### TRY IT
What must be handed in is the entire listing, exactly as written, with no pictures.

### RECORDS FOR THE TASK
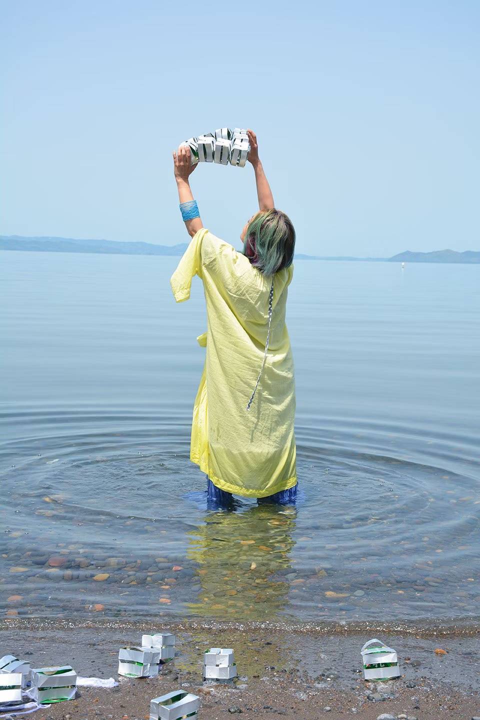 教室中央に山を作り、片隅には、糸を張った紙で池(水面)を作ります。
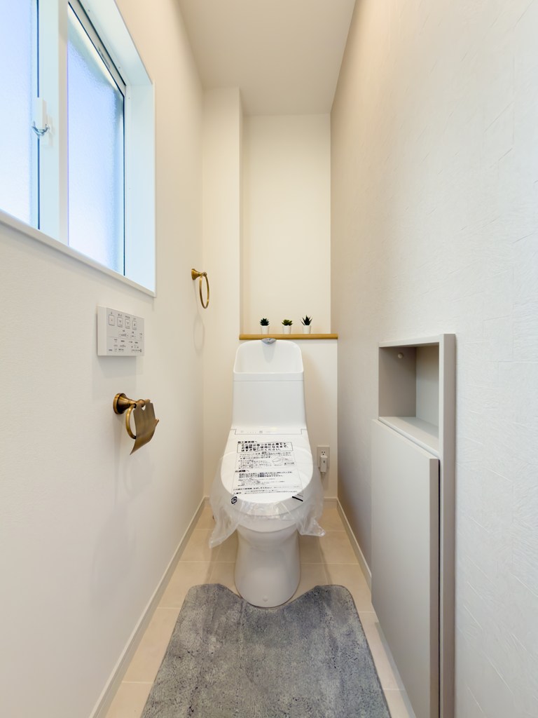 最新の温水洗浄便座付きで、快適・清潔なトイレ空間♪扉付きの収納スペースを設けており、トイレットペーパーや掃除用品などをすっきり収納可能♪
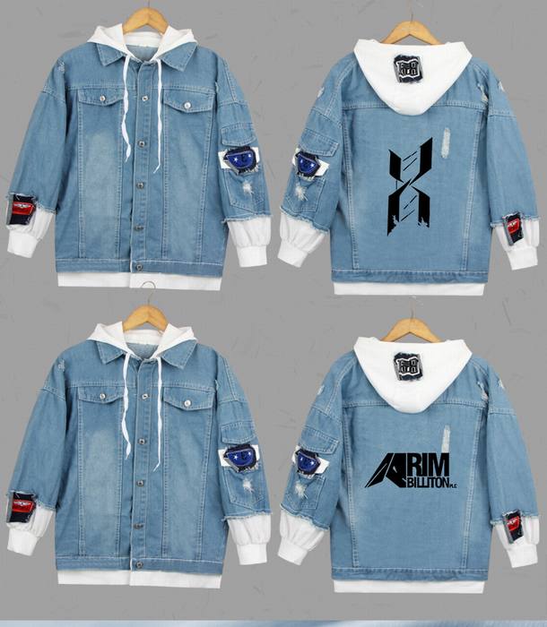 明日方舟-11A 雷姆必拓-浅色 假两件牛仔外套连帽夹克卫衣(黑印花)S M L XL 2XL
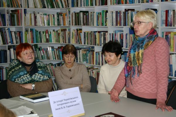 З книжково-ілюстративними виставками "Дослідниця Чернігово-Сіверщини із Запоріжжя: пам'яті Світлани Іваницької" та "До історії Чернігівського історичного музею імені Василя Тарновського" присутніх ознайомила модераторка заходу – завідувачка відділу краєзнавства бібліотеки Ірина Каганова.
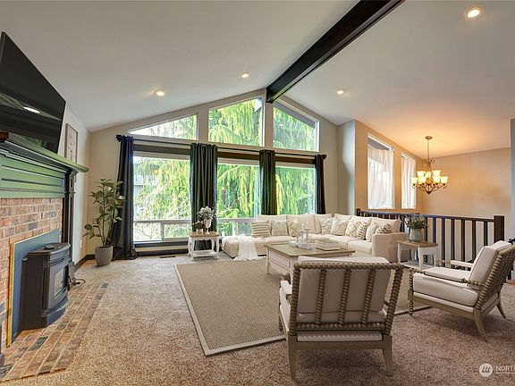 Beautifully updated Sliver Firs home in Snohomish School District. Guests are welcomed up extra-wide stairs to vaulted ceilings & bright open living. Kitchen with custom mitered cherry cabinets, slow-close doors/drawers, pullout shelves, granite counters, new appliances & ample storage in large island & extra upper display cabinets. Bordered tile floors in entry, kit, bthrms & Laundry complement new windows, doors, trim, cabinets & lighting throughout. Primary bdrm has 2 closets & bthrm w/impressive floor-to-ceiling tiled shower & 2 vessel sinks. Lower level offers large 1/2 bath/laundry combo & huge great rm w/wood frpl & access to back yard w/paved patio, fenced yard, storage shed & Rv parking. Deck off dining rm leads to hot tub & patio
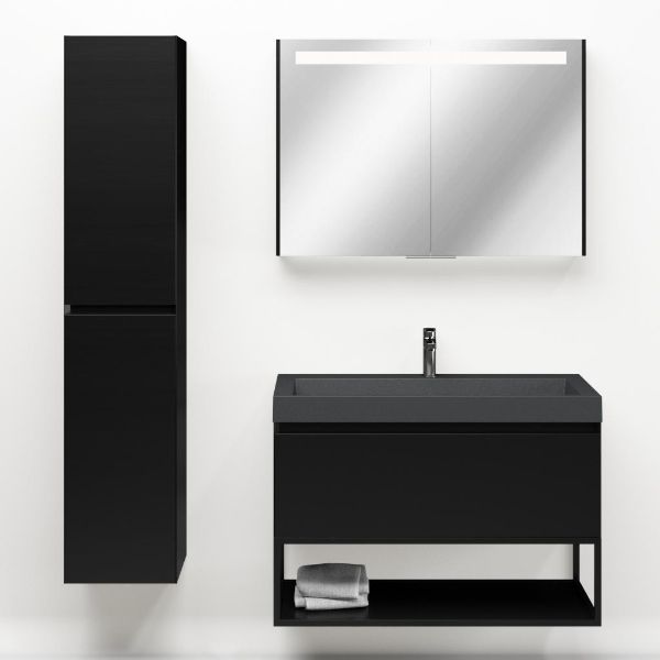 Greeploos badkamermeubel in de kleur zwart mat is 100 cm breed. De wastafel is vervaardig in quartz en heeft de kleur grijs mat quartz. Dit badkamermeubel met deze wastafel is leverbaar tussen de 60 cm t/m 160 cm

### RESULT OF THIS TASK
 教室中央に山を作り、片隅には、糸を張った紙で池(水面)を作ります。
 最新の温水洗浄便座付きで、快適・清潔なトイレ空間♪扉付きの収納スペースを設けており、トイレットペーパーや掃除用品などをすっきり収納可能♪
 明日方舟-11A 雷姆必拓-浅色 假两件牛仔外套连帽夹克卫衣(黑印花)S M L XL 2XL
 З книжково-ілюстративними виставками "Дослідниця Чернігово-Сіверщини із Запоріжжя: пам'яті Світлани Іваницької" та "До історії Чернігівського історичного музею імені Василя Тарновського" присутніх ознайомила модераторка заходу – завідувачка відділу краєзнавства бібліотеки Ірина Каганова.
 Beautifully updated Sliver Firs home in Snohomish School District. Guests are welcomed up extra-wide stairs to vaulted ceilings & bright open living. Kitchen with custom mitered cherry cabinets, slow-close doors/drawers, pullout shelves, granite counters, new appliances & ample storage in large island & extra upper display cabinets. Bordered tile floors in entry, kit, bthrms & Laundry complement new windows, doors, trim, cabinets & lighting throughout. Primary bdrm has 2 closets & bthrm w/impressive floor-to-ceiling tiled shower & 2 vessel sinks. Lower level offers large 1/2 bath/laundry combo & huge great rm w/wood frpl & access to back yard w/paved patio, fenced yard, storage shed & Rv parking. Deck off dining rm leads to hot tub & patio
 Greeploos badkamermeubel in de kleur zwart mat is 100 cm breed. De wastafel is vervaardig in quartz en heeft de kleur grijs mat quartz. Dit badkamermeubel met deze wastafel is leverbaar tussen de 60 cm t/m 160 cm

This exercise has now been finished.